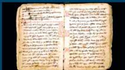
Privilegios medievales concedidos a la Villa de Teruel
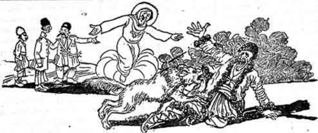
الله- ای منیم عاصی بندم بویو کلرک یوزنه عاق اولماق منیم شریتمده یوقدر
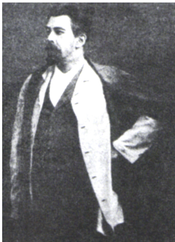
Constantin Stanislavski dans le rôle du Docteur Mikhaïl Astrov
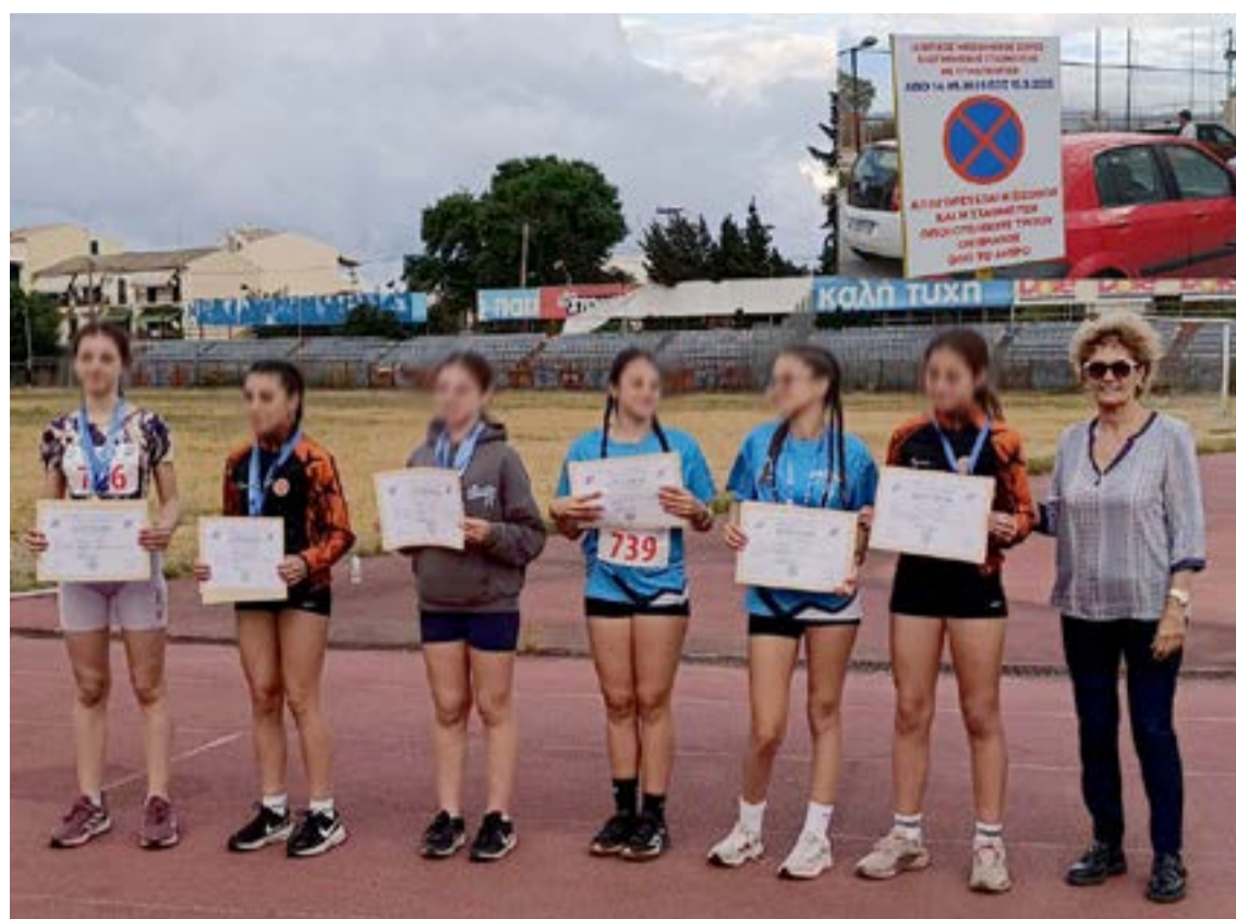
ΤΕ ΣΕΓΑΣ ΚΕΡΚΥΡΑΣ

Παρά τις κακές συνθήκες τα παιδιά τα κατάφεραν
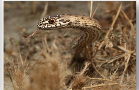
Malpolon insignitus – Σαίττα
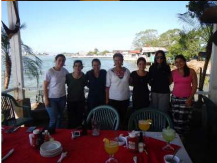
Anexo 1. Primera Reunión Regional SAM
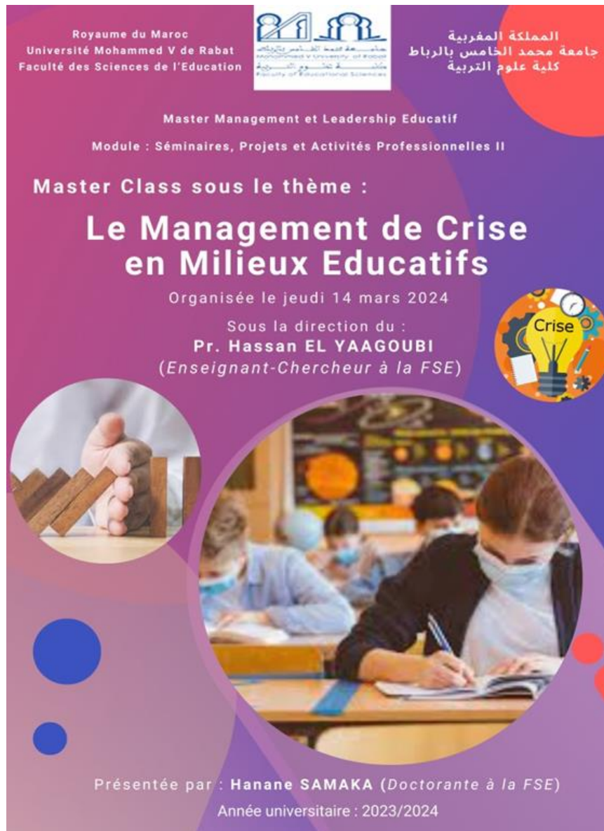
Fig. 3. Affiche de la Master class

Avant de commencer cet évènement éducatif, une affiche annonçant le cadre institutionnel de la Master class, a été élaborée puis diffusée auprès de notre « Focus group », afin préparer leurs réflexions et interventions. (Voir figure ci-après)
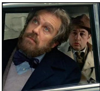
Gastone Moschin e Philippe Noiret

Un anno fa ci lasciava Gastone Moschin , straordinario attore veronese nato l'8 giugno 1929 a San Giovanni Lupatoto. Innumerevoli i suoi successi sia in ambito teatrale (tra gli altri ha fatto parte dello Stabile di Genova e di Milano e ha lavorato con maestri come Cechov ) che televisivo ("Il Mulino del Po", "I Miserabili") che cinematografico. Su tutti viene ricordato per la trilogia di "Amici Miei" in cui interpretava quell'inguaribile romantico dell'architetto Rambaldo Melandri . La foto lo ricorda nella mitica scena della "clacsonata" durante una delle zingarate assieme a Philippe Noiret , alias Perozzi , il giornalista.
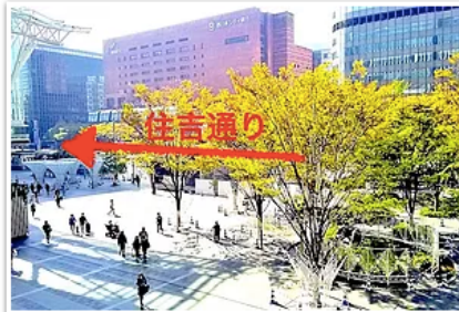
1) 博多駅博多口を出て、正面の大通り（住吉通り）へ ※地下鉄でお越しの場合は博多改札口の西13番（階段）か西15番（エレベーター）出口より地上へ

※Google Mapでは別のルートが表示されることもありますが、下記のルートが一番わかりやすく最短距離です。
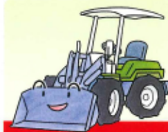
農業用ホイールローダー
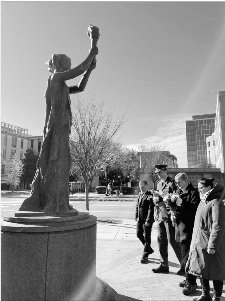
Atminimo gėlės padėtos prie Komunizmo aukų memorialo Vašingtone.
--------------------------------
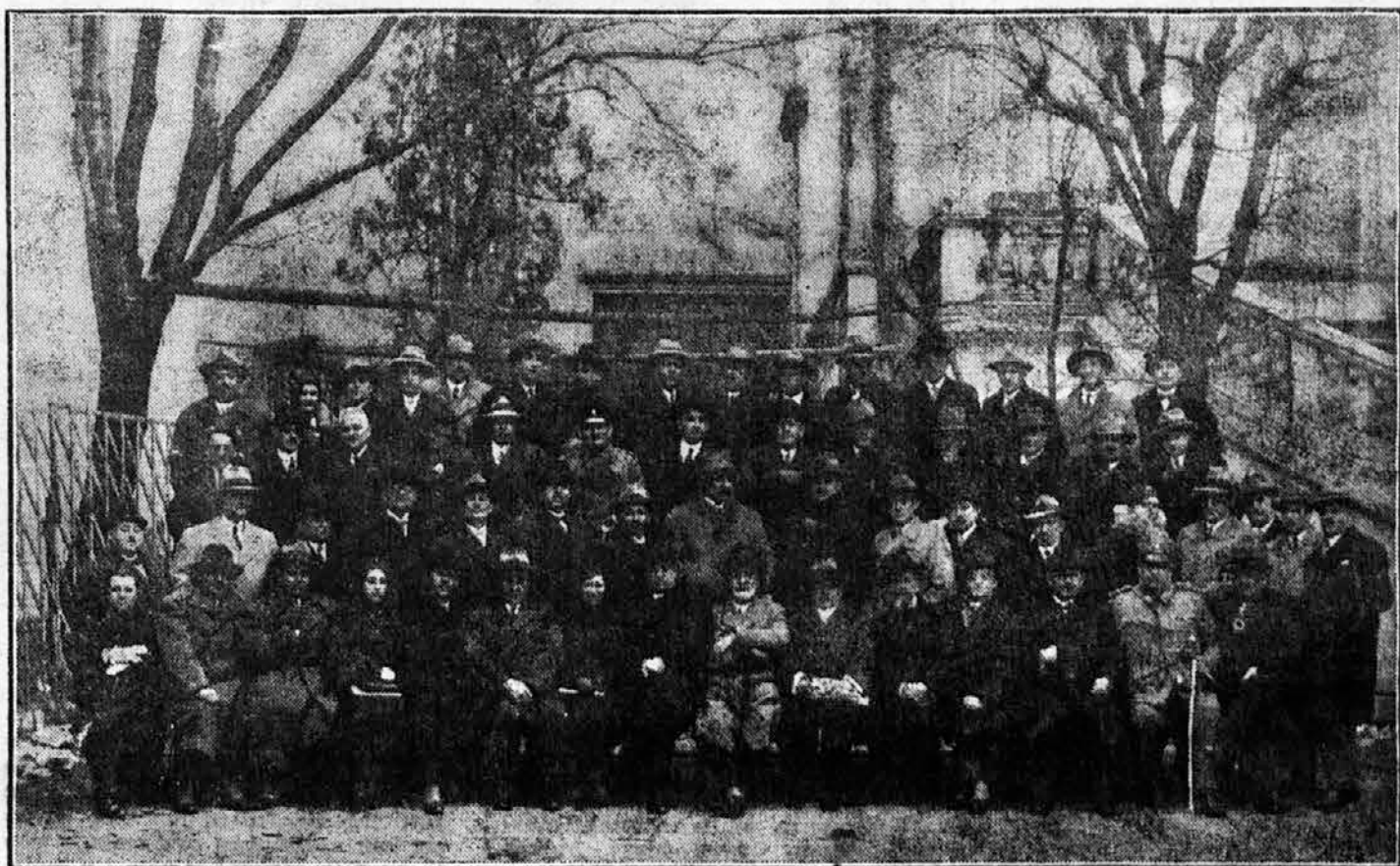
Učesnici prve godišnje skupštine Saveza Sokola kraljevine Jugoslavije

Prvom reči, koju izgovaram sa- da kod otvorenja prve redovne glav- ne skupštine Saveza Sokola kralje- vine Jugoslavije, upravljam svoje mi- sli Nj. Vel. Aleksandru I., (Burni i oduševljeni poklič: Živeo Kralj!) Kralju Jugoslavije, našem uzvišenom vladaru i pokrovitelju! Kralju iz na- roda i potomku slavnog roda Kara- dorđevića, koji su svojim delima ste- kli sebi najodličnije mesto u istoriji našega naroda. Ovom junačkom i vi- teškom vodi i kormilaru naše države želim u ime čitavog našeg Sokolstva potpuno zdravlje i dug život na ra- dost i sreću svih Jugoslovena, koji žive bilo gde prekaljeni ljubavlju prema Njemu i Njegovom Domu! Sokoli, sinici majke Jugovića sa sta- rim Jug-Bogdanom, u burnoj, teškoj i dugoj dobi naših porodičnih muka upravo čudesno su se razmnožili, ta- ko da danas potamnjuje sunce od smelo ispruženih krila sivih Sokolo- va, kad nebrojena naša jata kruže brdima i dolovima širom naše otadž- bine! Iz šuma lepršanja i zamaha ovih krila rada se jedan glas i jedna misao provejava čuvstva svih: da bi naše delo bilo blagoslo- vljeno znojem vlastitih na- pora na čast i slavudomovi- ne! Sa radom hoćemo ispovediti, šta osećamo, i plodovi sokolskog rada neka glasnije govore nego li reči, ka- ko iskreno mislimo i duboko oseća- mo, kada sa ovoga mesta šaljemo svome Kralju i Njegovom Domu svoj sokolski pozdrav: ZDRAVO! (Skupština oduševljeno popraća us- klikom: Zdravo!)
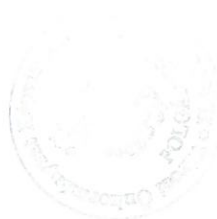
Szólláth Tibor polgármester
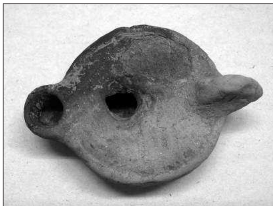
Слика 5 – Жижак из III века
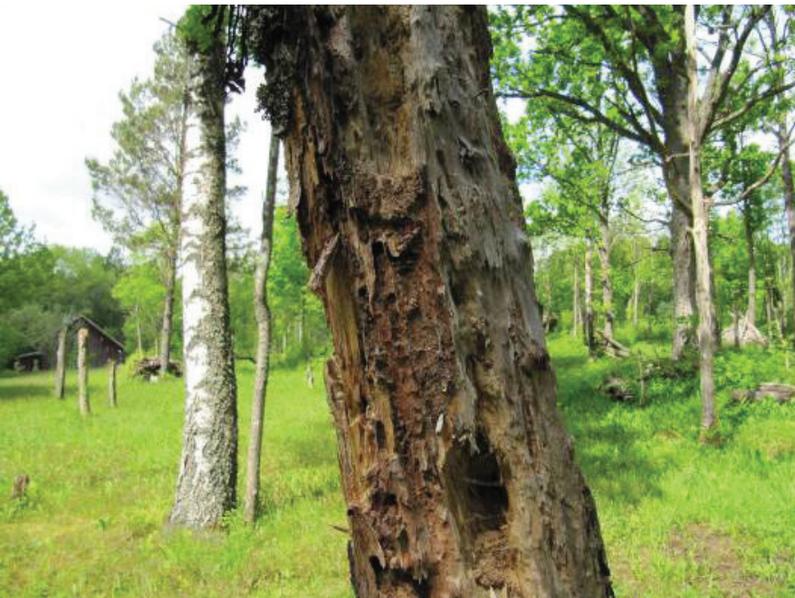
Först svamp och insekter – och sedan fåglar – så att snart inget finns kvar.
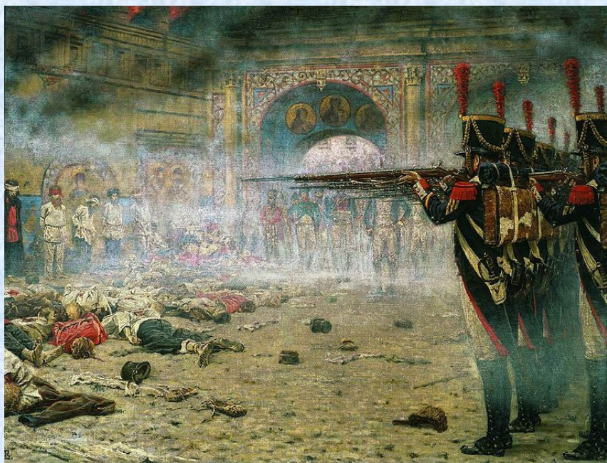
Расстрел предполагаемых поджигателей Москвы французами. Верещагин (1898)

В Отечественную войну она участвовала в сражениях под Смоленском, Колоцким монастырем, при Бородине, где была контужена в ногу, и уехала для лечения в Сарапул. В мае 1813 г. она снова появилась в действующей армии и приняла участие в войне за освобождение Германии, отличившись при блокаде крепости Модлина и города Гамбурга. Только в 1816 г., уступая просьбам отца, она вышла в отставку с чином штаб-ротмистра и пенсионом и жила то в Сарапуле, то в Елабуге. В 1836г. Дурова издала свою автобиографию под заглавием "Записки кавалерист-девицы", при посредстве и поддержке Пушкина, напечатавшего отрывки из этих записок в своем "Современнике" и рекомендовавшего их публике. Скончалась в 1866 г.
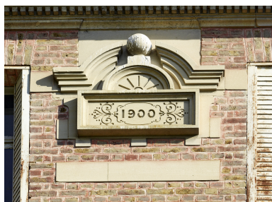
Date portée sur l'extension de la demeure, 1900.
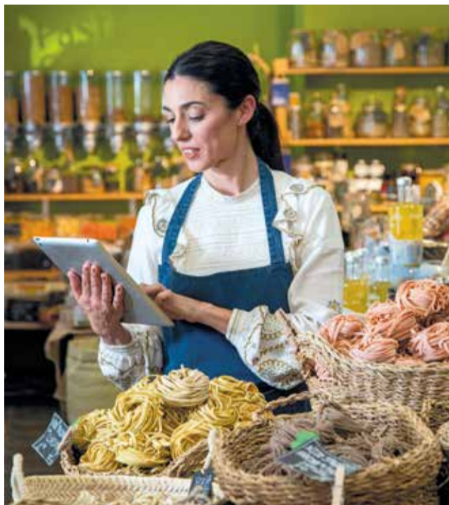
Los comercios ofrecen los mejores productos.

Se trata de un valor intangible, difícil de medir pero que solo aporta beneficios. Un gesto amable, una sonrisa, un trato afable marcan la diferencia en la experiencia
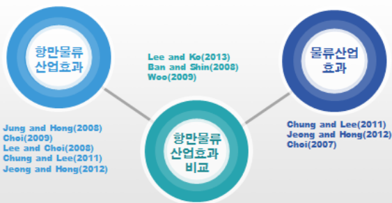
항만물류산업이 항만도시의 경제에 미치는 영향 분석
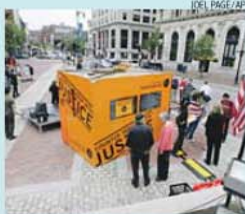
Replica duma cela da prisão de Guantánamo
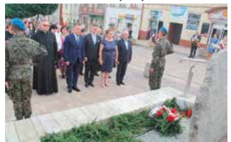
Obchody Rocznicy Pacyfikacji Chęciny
--------------------------------
**EXERCISE AIM**
Using the material above, reproduce only the lines that run from the line with "الله- ای منیم" up to and including the line with "Atminimo gėlės padėtos", exactly, with the pictures dropped.

**RESULT**
الله- ای منیم عاصی بندم بویو کلرک یوزنه عاق اولماق منیم شریتمده یوقدر
Constantin Stanislavski dans le rôle du Docteur Mikhaïl Astrov
ΤΕ ΣΕΓΑΣ ΚΕΡΚΥΡΑΣ

Παρά τις κακές συνθήκες τα παιδιά τα κατάφεραν
Malpolon insignitus – Σαίττα
Anexo 1. Primera Reunión Regional SAM
Fig. 3. Affiche de la Master class

Avant de commencer cet évènement éducatif, une affiche annonçant le cadre institutionnel de la Master class, a été élaborée puis diffusée auprès de notre « Focus group », afin préparer leurs réflexions et interventions. (Voir figure ci-après)
Gastone Moschin e Philippe Noiret

Un anno fa ci lasciava Gastone Moschin , straordinario attore veronese nato l'8 giugno 1929 a San Giovanni Lupatoto. Innumerevoli i suoi successi sia in ambito teatrale (tra gli altri ha fatto parte dello Stabile di Genova e di Milano e ha lavorato con maestri come Cechov ) che televisivo ("Il Mulino del Po", "I Miserabili") che cinematografico. Su tutti viene ricordato per la trilogia di "Amici Miei" in cui interpretava quell'inguaribile romantico dell'architetto Rambaldo Melandri . La foto lo ricorda nella mitica scena della "clacsonata" durante una delle zingarate assieme a Philippe Noiret , alias Perozzi , il giornalista.
1) 博多駅博多口を出て、正面の大通り（住吉通り）へ ※地下鉄でお越しの場合は博多改札口の西13番（階段）か西15番（エレベーター）出口より地上へ

※Google Mapでは別のルートが表示されることもありますが、下記のルートが一番わかりやすく最短距離です。
農業用ホイールローダー
Atminimo gėlės padėtos prie Komunizmo aukų memorialo Vašingtone.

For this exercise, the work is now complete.